Find Climate Funds You Can Buy Right Now
Investors have a growing number of choices to seize climate-change-related opportunities, as well as to mitigate climate risk in their portfolios. Use this table to find funds available in your country.
How We Look at Climate Product Options
We divide climate products into five categories:
- Low Carbon funds seek to invest in companies with reduced carbon intensity and/or carbon footprint relative to a benchmark index. These funds are well diversified.
- Climate Conscious funds select or tilt toward companies that consider climate change in their business strategy and therefore are better prepared for the transition to a low-carbon economy. These funds are also well diversified.

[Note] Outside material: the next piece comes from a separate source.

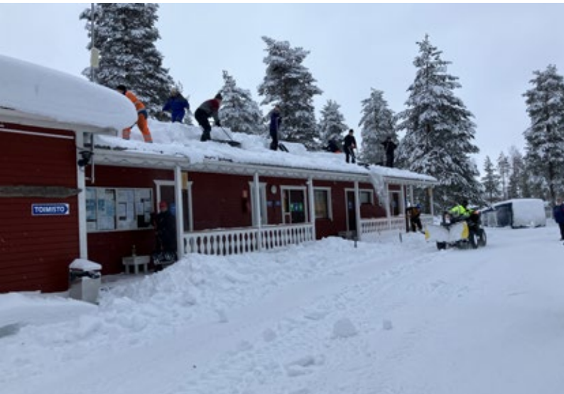
Tuvan katon lumen pudotustalkoot.

- Climate Solutions funds only target companies that are contributing to the transition to a low-carbon economy through their products and services and that will benefit from this transition. These funds are less well-diversified and tilt toward industrials and technology.
- Clean Energy/Tech funds invest in companies that contribute to or facilitate the clean energy transition. These funds are concentrated in the industrials and technology sectors.
- Green Bond funds invest in debt instruments that finance projects facilitating the transition to a green economy.
This graphic indicates the different roles that these strategies play in portfolios.
Many Choices, But Relatively Few Have Long Track Records
The good news is that the investment industry has introduced a multitude of new funds globally to capture investor interest in investing in climate change, or, if you like, the energy transition.
Yet, many of these choices are unproven and much more volatile than diversified equity funds. As of the end of last year, US-domiciled climate tech funds had an average three-year standard deviation of 29.5 versus 18.4 for the Vanguard 500 fund, which tracks the S&P 500 benchmark. (Standard deviation is a measure of risk. The higher the number, the riskier the asset has been in the past.)
That’s where the Morningstar Rating for funds, known as the star rating, comes in. We've sorted the table above by this rating, which measures whether a fund has performed well on a risk-adjusted basis against its peers. For more background on its use and efficacy, read this column from Morningstar’s funds columnist John Rekenthaler.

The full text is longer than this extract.